### Provided records
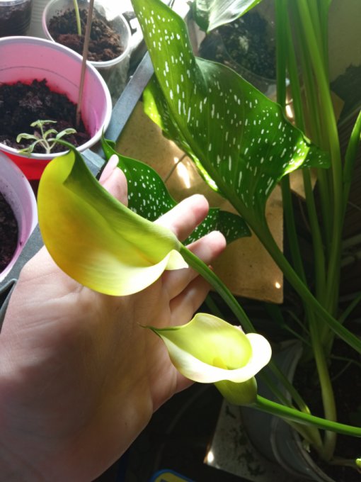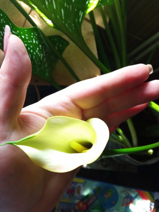Ещё хотела показать мою любимицу зеленую- каллу. Первый год она у меня так шикарно цвела не переставая несколько месяцев, цветов было море, жаль не сфоткала. А последние 2года она меня не радовала. Пускала по 1"цветку" и все☹️. В этом году пробую другой метод выращивания, может он даст большего результата🤷
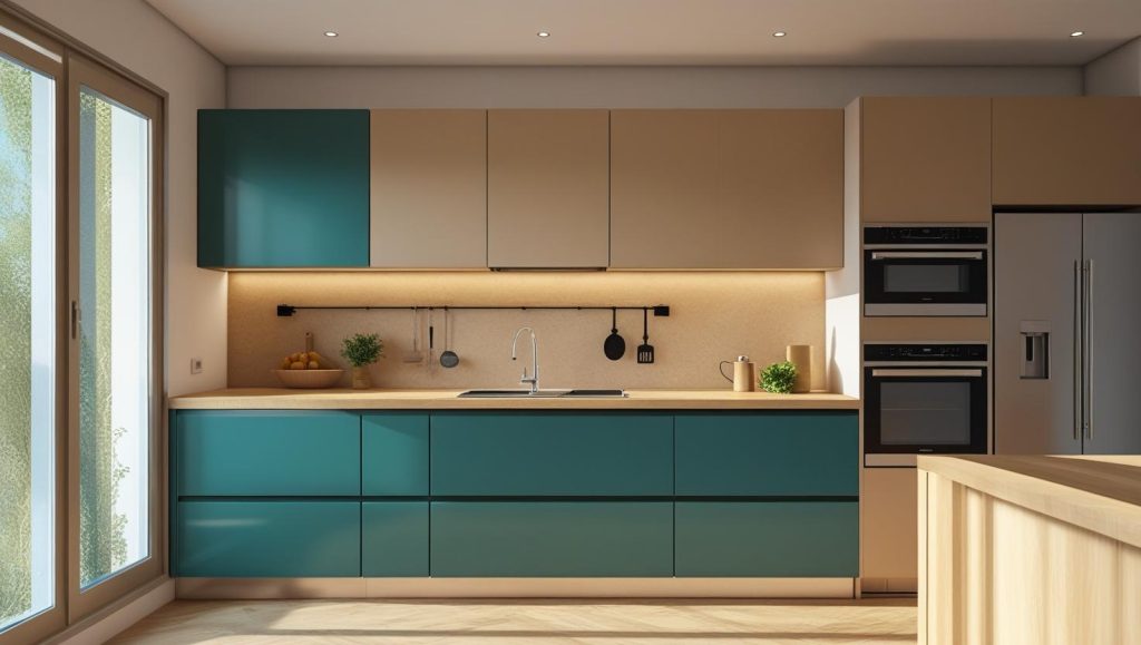 These combinations create contrast, depth, and elegance. You can apply darker tones to the lower cabinets for durability and lighter shades to the upper ones for an open, airy feel.
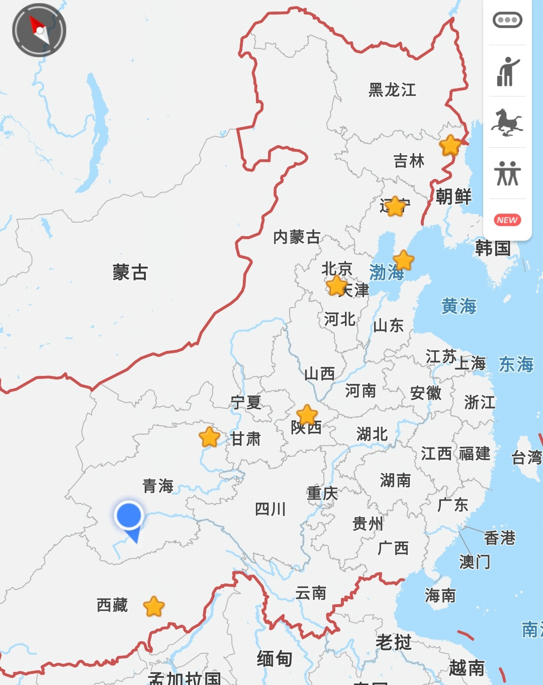 칭짱열차를 타고 시닝에서 라싸를 향해 가고 있다. 중간에 지도를 캡처한 것인데 하룻밤을 꼬박 가고도 칭하이성을 벗어나지 못했다.
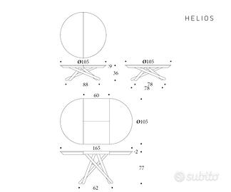 HELIOS é un tavolo dal piano circolare, estremamente versatile nelle funzioni e nell’estetica. Il meccanismo è opportunamente studiato per trasformarsi da seducente tavolino da salotto a tavolo da pranzo allungandosi con estremo comfort per abitanti e ospiti. La struttura sottostante in metallo si incrocia in un piacevole e suggestivo gioco di linee.
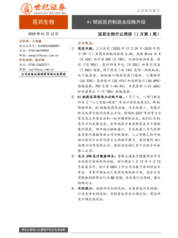 【世纪证券】【202601】AI赋能医药制造业战略升级-8页
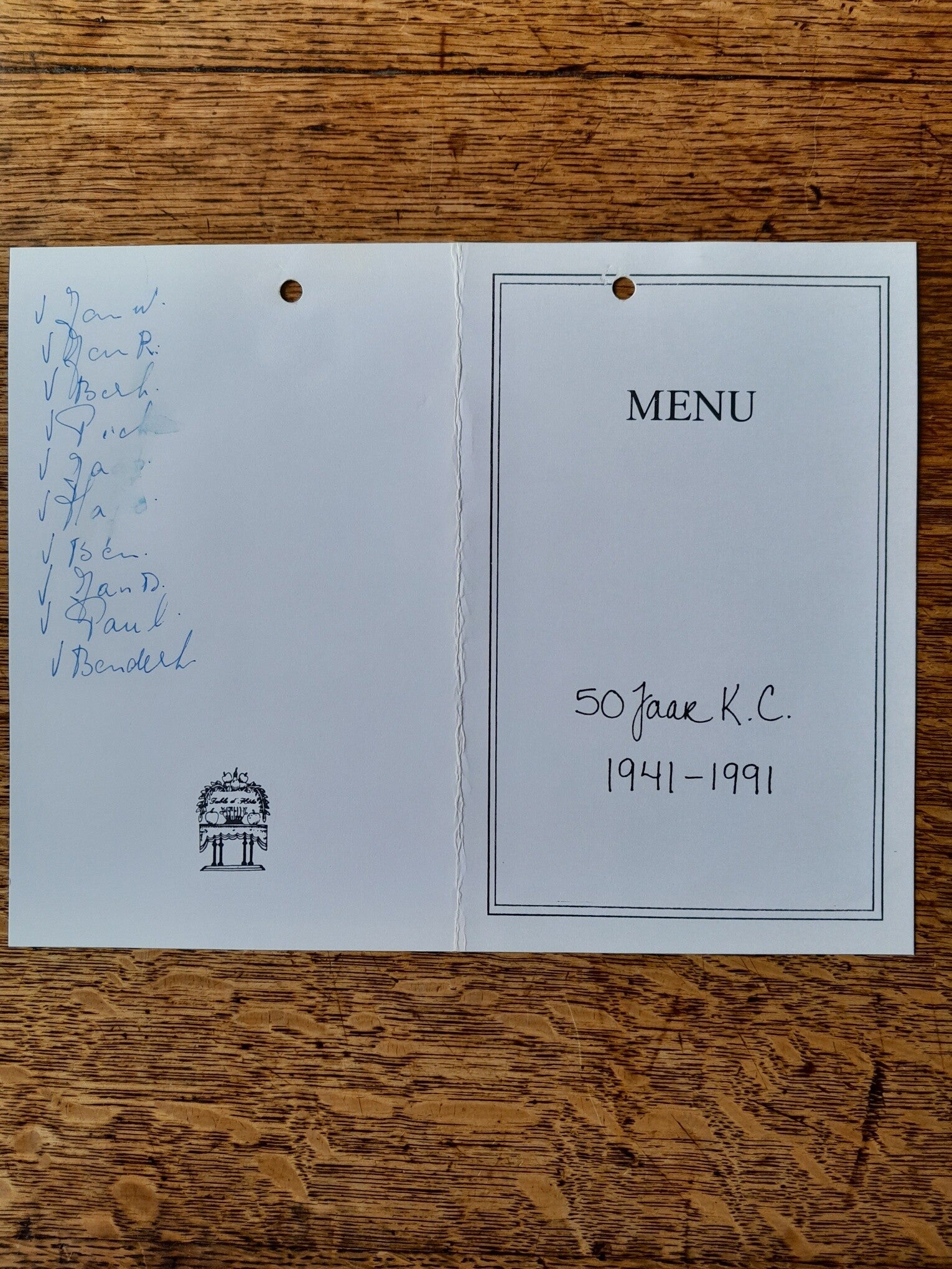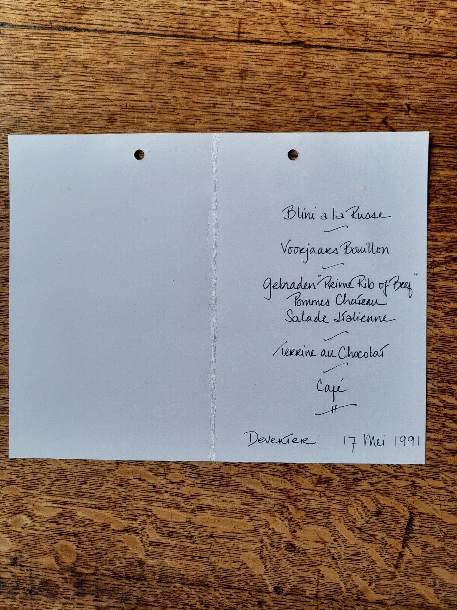 Menukaart 1991 Bekedam

### What the task requires
Return all the data exactly, and keep the pictures out.

### Response
Ещё хотела показать мою любимицу зеленую- каллу. Первый год она у меня так шикарно цвела не переставая несколько месяцев, цветов было море, жаль не сфоткала. А последние 2года она меня не радовала. Пускала по 1"цветку" и все☹️. В этом году пробую другой метод выращивания, может он даст большего результата🤷
 These combinations create contrast, depth, and elegance. You can apply darker tones to the lower cabinets for durability and lighter shades to the upper ones for an open, airy feel.
 칭짱열차를 타고 시닝에서 라싸를 향해 가고 있다. 중간에 지도를 캡처한 것인데 하룻밤을 꼬박 가고도 칭하이성을 벗어나지 못했다.
 HELIOS é un tavolo dal piano circolare, estremamente versatile nelle funzioni e nell’estetica. Il meccanismo è opportunamente studiato per trasformarsi da seducente tavolino da salotto a tavolo da pranzo allungandosi con estremo comfort per abitanti e ospiti. La struttura sottostante in metallo si incrocia in un piacevole e suggestivo gioco di linee.
 【世纪证券】【202601】AI赋能医药制造业战略升级-8页
 Menukaart 1991 Bekedam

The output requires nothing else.